Mr Smith and Mrs Jones both teach a Year 3 class in the same school. Mr Smith is an ECT (first year) and Mrs Jones is now in her 5th year of teaching.
This term the Science topic is rocks. They both have access to the school Science Scheme of Work, which ties in with the National Curriculum Programme of Study, and has been adapted to suit the resources they have available.
In their first lesson pupils are learning about the properties of different rocks and are testing them for “hardness”.
After the lesson I take the opportunity to chat to the pupils about what they’ve learned in Science today.
Mr Smith’s class
They were learning about rocks and were testing them to see which were hardest. They had to give them a hardness score on a scale of 1 to 10. They scraped some rocks with a coin, and if nothing came off it was a low score, and if some did it was a medium score. They had a nail to hit the rocks with, and if some came off with the nail it was a higher score.
The first rock had a low score (2), the 2nd and 3rd rocks were medium (5 and 6) and the last rock was a high score because it was the hardest (8).
Mrs Jones’ class
They were learning about rocks and were testing them to see which were hardest. They were given 4 different types of rock; sandstone, marble, slate and granite. Sandstone is a sedimentary rock because its made from lots of small bits of sand or sediment pushed together. Marble and slate are metamorphic rocks which is what happens when other rocks get squashed down and heated up in the earth. Granite is an igneous rock and its made from magma that cools down.

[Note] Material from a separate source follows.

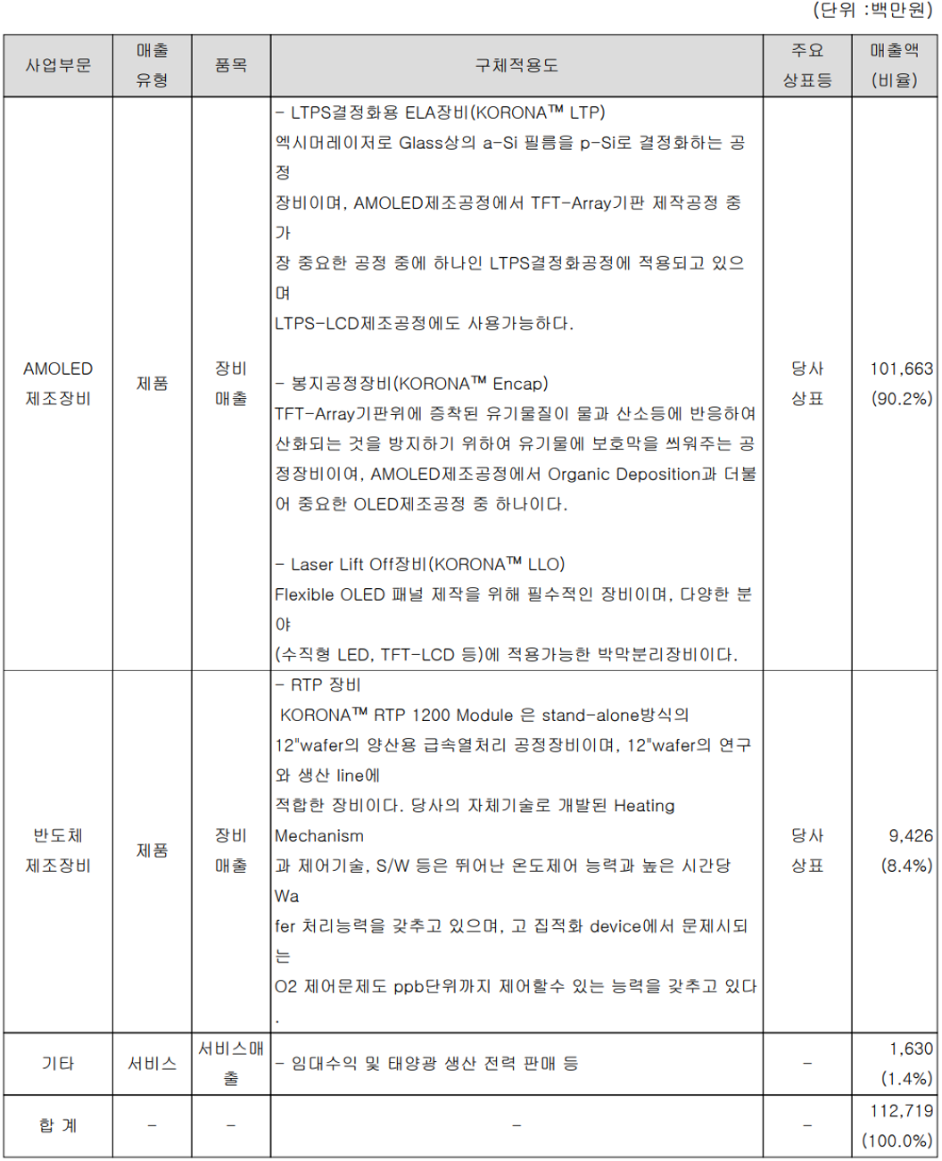 당사는 디스플레이 제조 공정 중 봉지 공정 장비인 Encap, LTPS 결정화용 핵심 장비인 ELA(Excimer Laser Annealing) 그리고 AMOLED 패널 제작에서 박막분리 장비인 LLO(Laser Lift Off) 장비 등이 있으며, 반도체 제조 부문에는 웨이퍼 급속 열처리 장비인 RTP 장비를 제조 공급하고 있습니다. 지난 1분기 당사의 주력 제품인 디스플레이 제조장비 부문의 매출은 1,017억 원으로 전체 매출의 90.2%를 차지하였으며, 반도체 제조장비의 경운 94억 원으로 8.4%의 매출 비중을 나타냈습니다.

They tested the hardness of the rocks by scraping them or hitting them with coins or nails. Mrs Jones spoke to them about how they could decide how hard the rocks were. They decided not to use a score, as there was no fair way of giving them a number from how easy they are to scrape. They decided to put them in order of hardness instead. They found that the igneous rocks where the hardest, then the metamorphic, and the sedimentary was softest.
What’s going on?
It was clear that both classes enjoyed the lesson, particularly the practical work, and they’d all learnt something, but there’s no denying there’s a difference in outcomes between the classes. So what happened?
Teachers prioritise the need to provide fun, awe and wonder moments that ensure children enjoy science. They are actively seeking to use and find great wow activities from internet ideas, video platforms and social media etc. These activities often stand alone and lack a relevant or appropriate curriculum rationale, with many relevant concepts inaccessible because the scientific explanation would be too abstract or complex. A clear rationale and articulation of why this activity is in this sequence of learning is not evident to the children or articulated by the teacher.Bianchi et al. The 10 key issues with children’s learning in primary science in England (2021)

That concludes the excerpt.